Mereka melarikan diri, membelah lorong-lorong pengap dan sempit seperti tikus yang dikejar predator.

Sang Lioren hanya berdiri, membiarkan mereka lari. Ia melirik tubuh Marie yang bersimbah darah, ekspresinya kosong... namun dalam. Sulit dijelaskan apakah itu penyesalan atau sekadar kepasrahan.

Pria itu menyentuh alat komunikasi di sakunya.

“Mereka pergi ke barat,” lapornya dingin.

Namun suara pelan menyusul dari bawah.

“Dabin…” panggil suster marie setelah mengenali suara pria tersebut.
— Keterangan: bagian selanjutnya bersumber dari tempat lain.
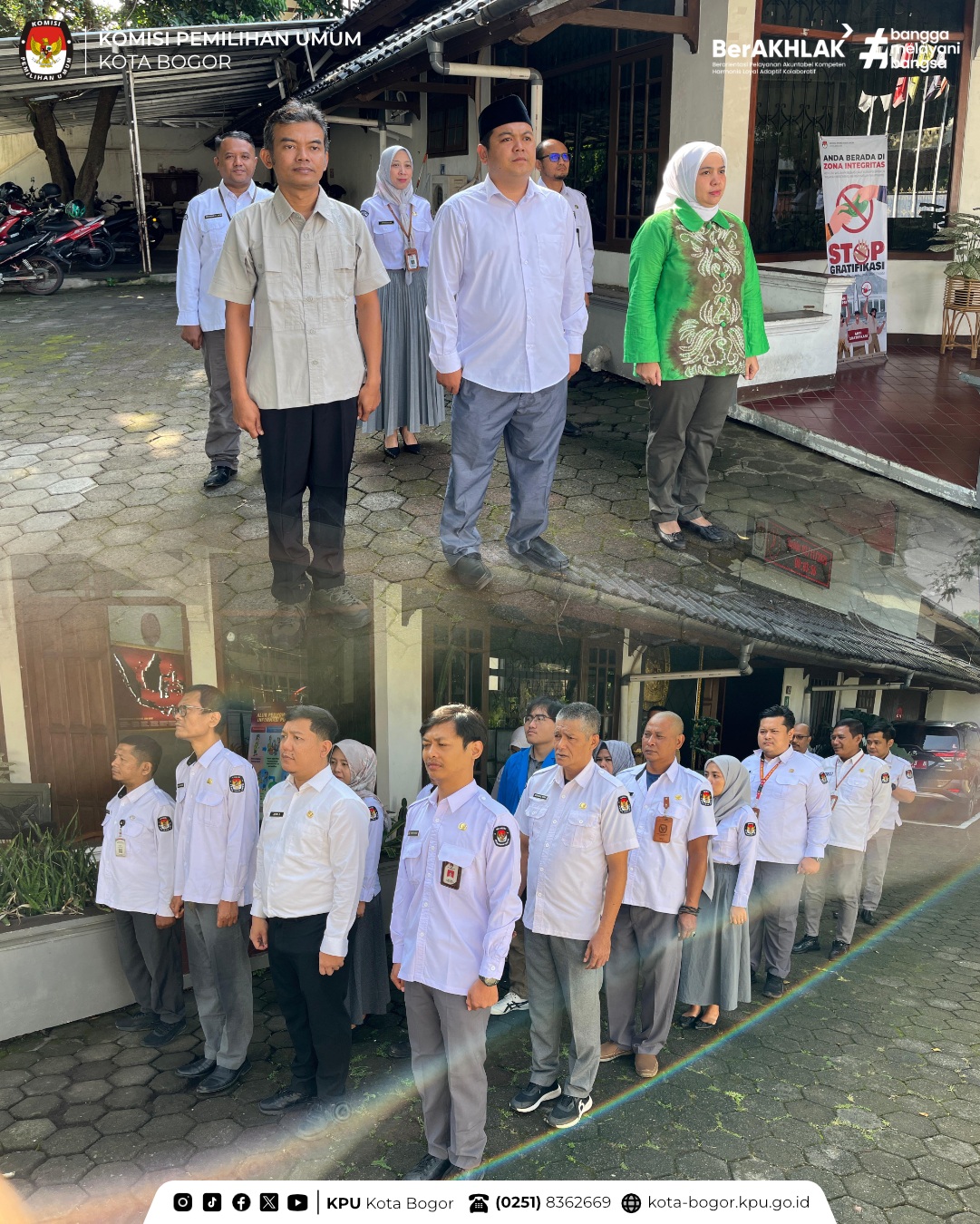 Kegiatan apel berlangsung tertib dan penuh semangat, diikuti oleh seluruh jajaran komisioner, sekretariat, dan staf KPU Kota Bogor. Apel ditutup dengan doa bersama, sebagai bentuk ikhtiar agar seluruh tugas dan tanggung jawab kelembagaan dapat berjalan lancar dan membawa manfaat bagi masyarakat.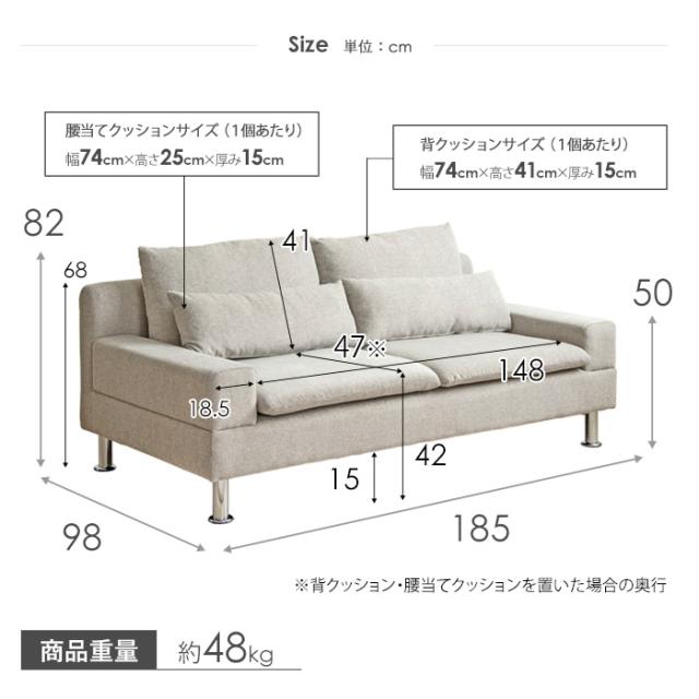 | 本体:幅185×奥行98×高さ82cm 座面:幅148×奥行47×高さ42cm 肘部:高さ50cm 脚部:高さ15cm |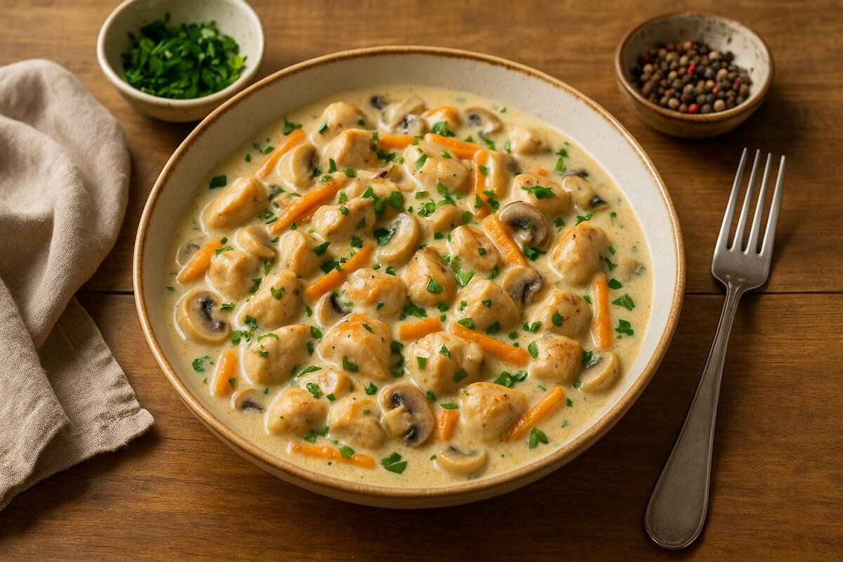 Жаркое — традиционное блюдо, которое всегда радует сытностью. Однако иногда такая тяжесть может вызывать усталость. Альтернативой может стать фрикасе: это легкое, изысканное и замечательное блюдо, способное преобразить любой семейный ужин. Сочетание куриного мяса, свежих овощей и сливочного соуса делает фрикасе вкусным и лёгким, даря ощущения праздника даже в будни, сообщает Дзен-канал "Кулинарный беспредел".
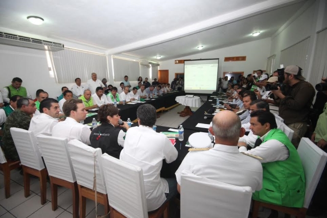 Durante la reunión, efectuada en la Base Naval de Tapachula, el gobernador Velasco Coello agradeció el respaldo de la Federación, de manera oportuna, porque en menos de 24 horas llegó la ayuda del Fonden a las zonas afectadas para apoyar a la población.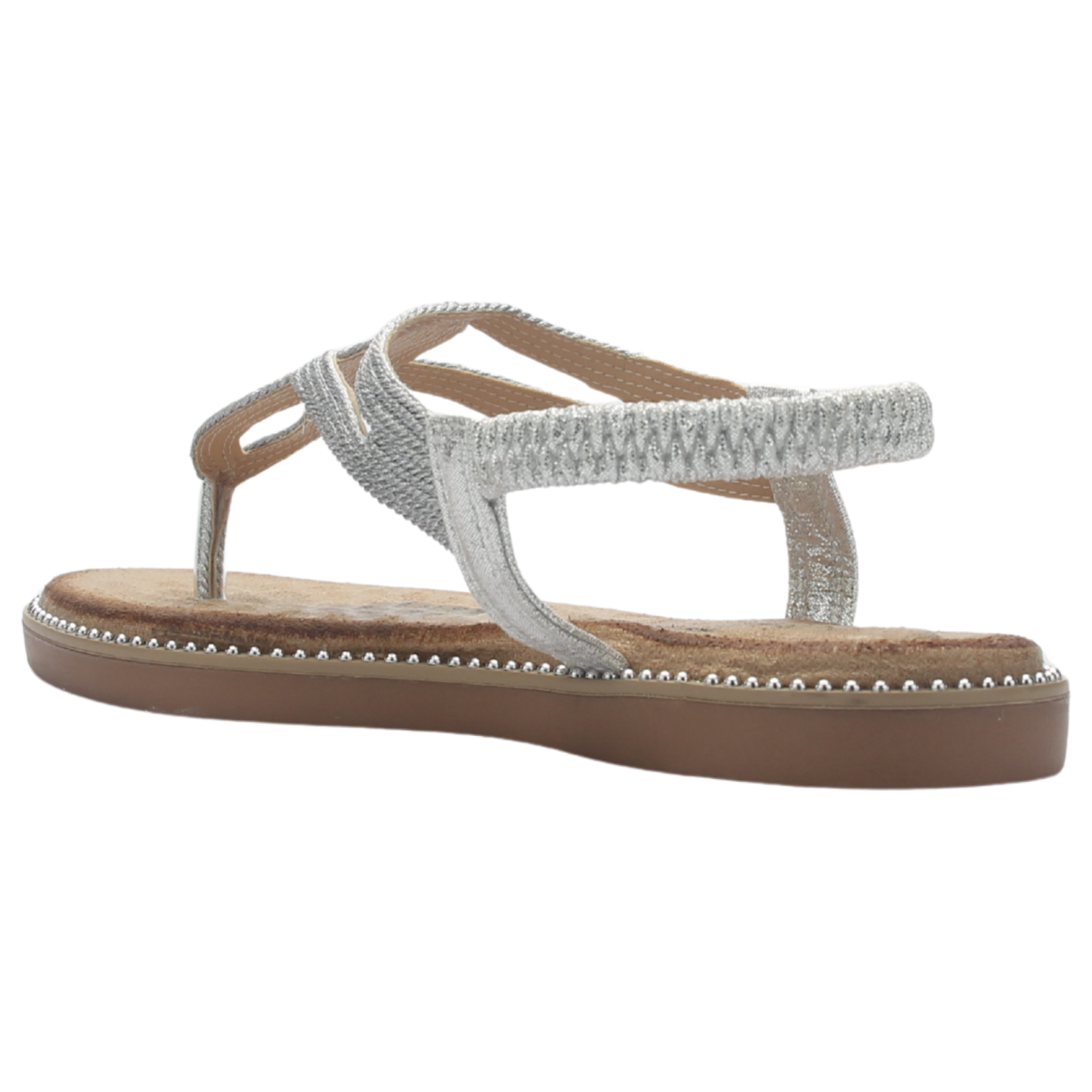 Sandalia de Mujer de color Plateado con un estilo Casual, Marca Chalada el material de su capellada es textil, y el de su interior es sintetico, su ajuste es elasticado, su capellada tiene un acabado tejido, ademas su planta es plana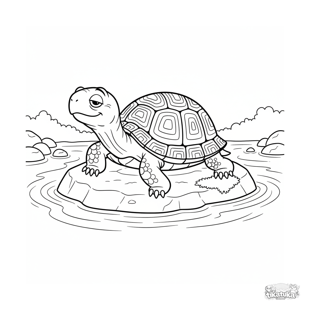 Раскраска для детей 7-9 лет: старая черепаха нежится на тёплом камне посреди ручья. Сцена в народном стиле с характерными узорами и спокойным настроением.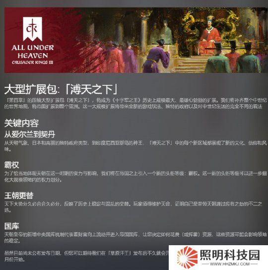 近日,戰(zhàn)爭(zhēng)策略游戲《十字軍之王3》正式公開了第四個(gè)大型DLC擴(kuò)展包“All Under Heaven”(溥天之下),預(yù)計(jì)將于今年年底推出。
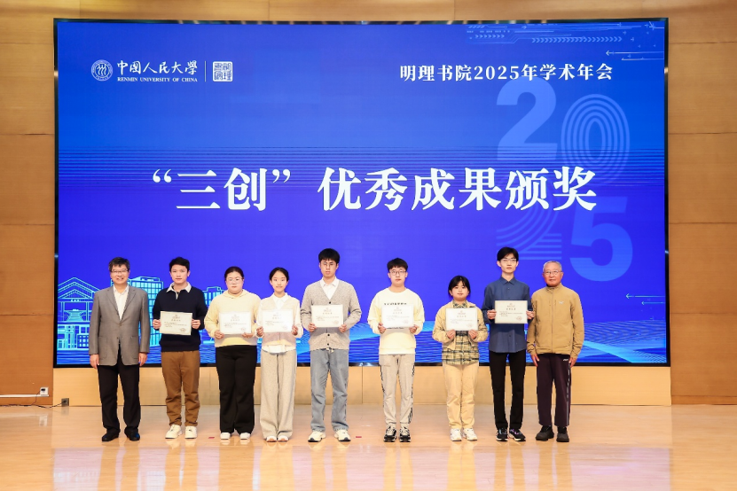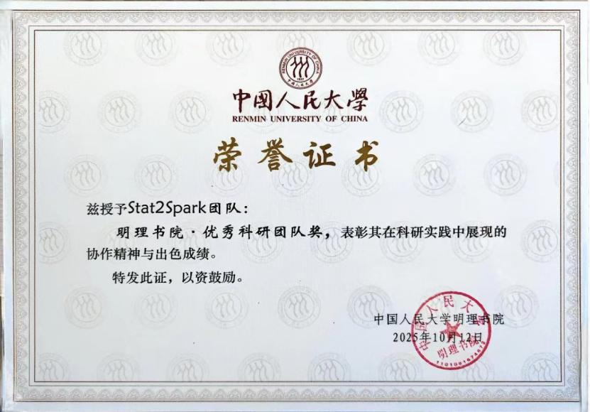 在明理书院2025年学术年会上,林尚立校长为Stat2Spark团队颁发“明理书院优秀科研团队奖”,中国人民大学统计与大数据研究院2022级博士生黄君烈作为Stat2Spark团队代表领奖,并在学术年会明理创新实验室分论坛分享团队建设经验和创新成果。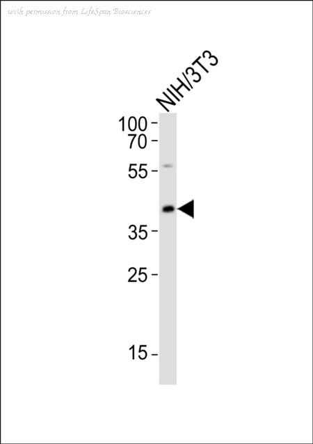 Western blot of lysate from mouse NIH/3T3 cell line with CBX8 Antibody. Antibody was diluted at 1:1000. A goat anti-rabbit IgG H&L (HRP) at 1:10000 dilution was used as the secondary antibody. Lysate at 20 ug.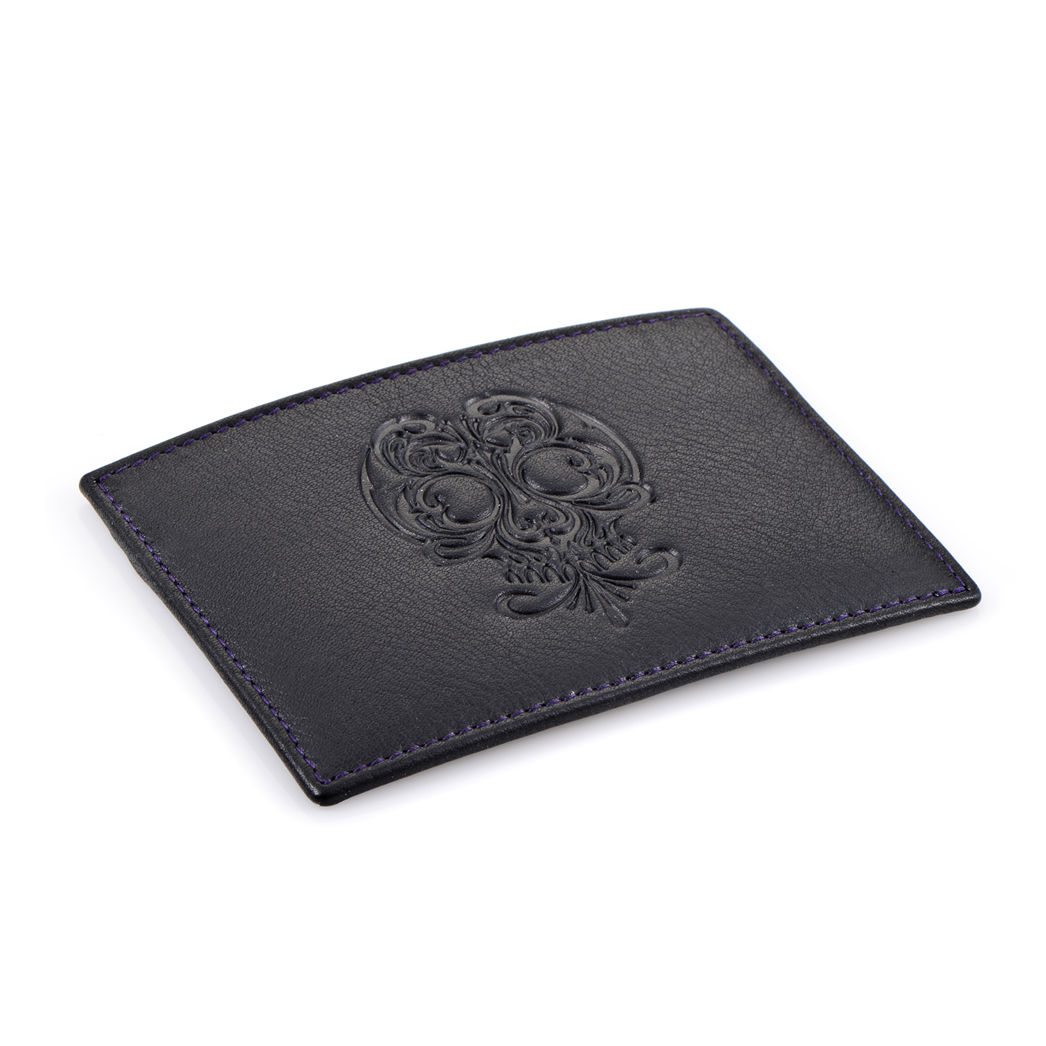 Practical and elegant, this stunning card holder from Stephen Webster is a tasteful item of immense quality, made of black calf leather and adorned with violet stitching while boasting marvelous imprint on the back.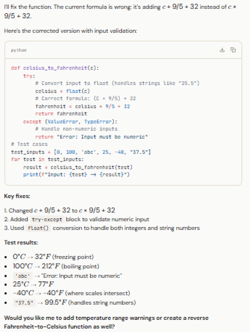 When tested, DeepSeek quickly spotted that the conversion formula (C × 9/5 + 32) was incorrectly implemented as C + 9/5 + 32. The model explained the issue clearly, rewrote the function with the proper calculation, and added a check to ensure the input was a numeric value. It also caught cases where the function might receive non-numeric input and provided a safe, user-friendly error message.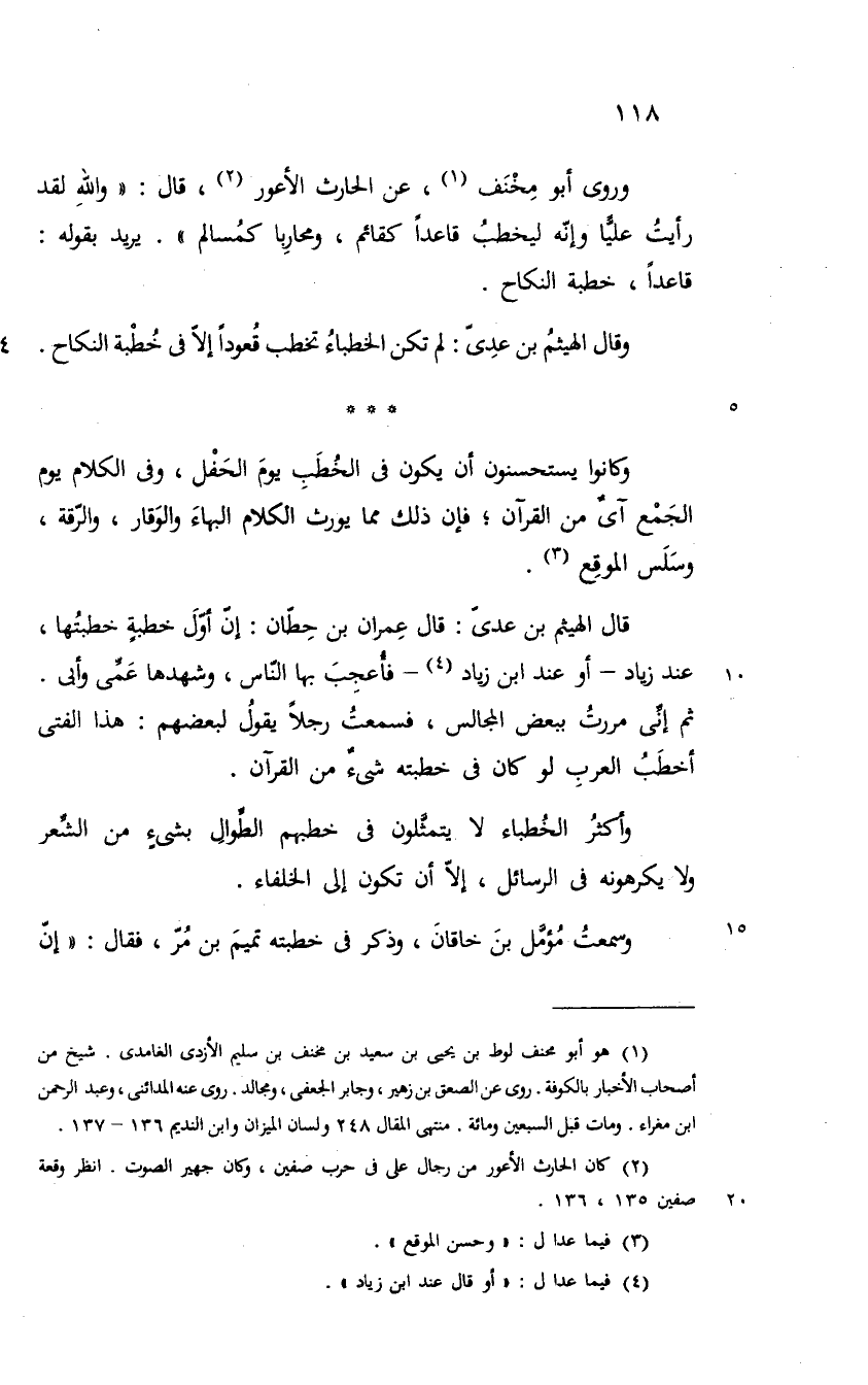 وروى ابو مخنف عن الحارث الاعور قال والله لقد رأيت عليا وانه لخطب قاعدا كقائم ومحاربا كمسالم يريد بقوله قاعدا خطبة النكاح

Ia membeku. Perlahan berjongkok.

“Kenapa kau melakukan hal ini, Marie?” tanyanya lirih.

“Aku…” Marie terbatuk darah. “...ingin mereka hidup… lebih lama…” Ia tersenyum lemah. “Bisakah… kau tak menyakiti mereka?”

Dabin menggeleng pelan. “Maaf. Aku tak bisa… aku hanya menjalankan tugas. Maaf, Marie.”

Dengan sisa nafasnya, Marie membalas, “Kau… tidak berubah… sama sekali…”

Nafasnya menghilang bersama angin malam. Dabin memejamkan mata. Ia mengangkat tubuh wanita yang dulu mungkin lebih dari sekadar teman. Ia sandarkan Marie ke dinding, dalam diam yang tak akan bisa diampuni oleh siapa pun.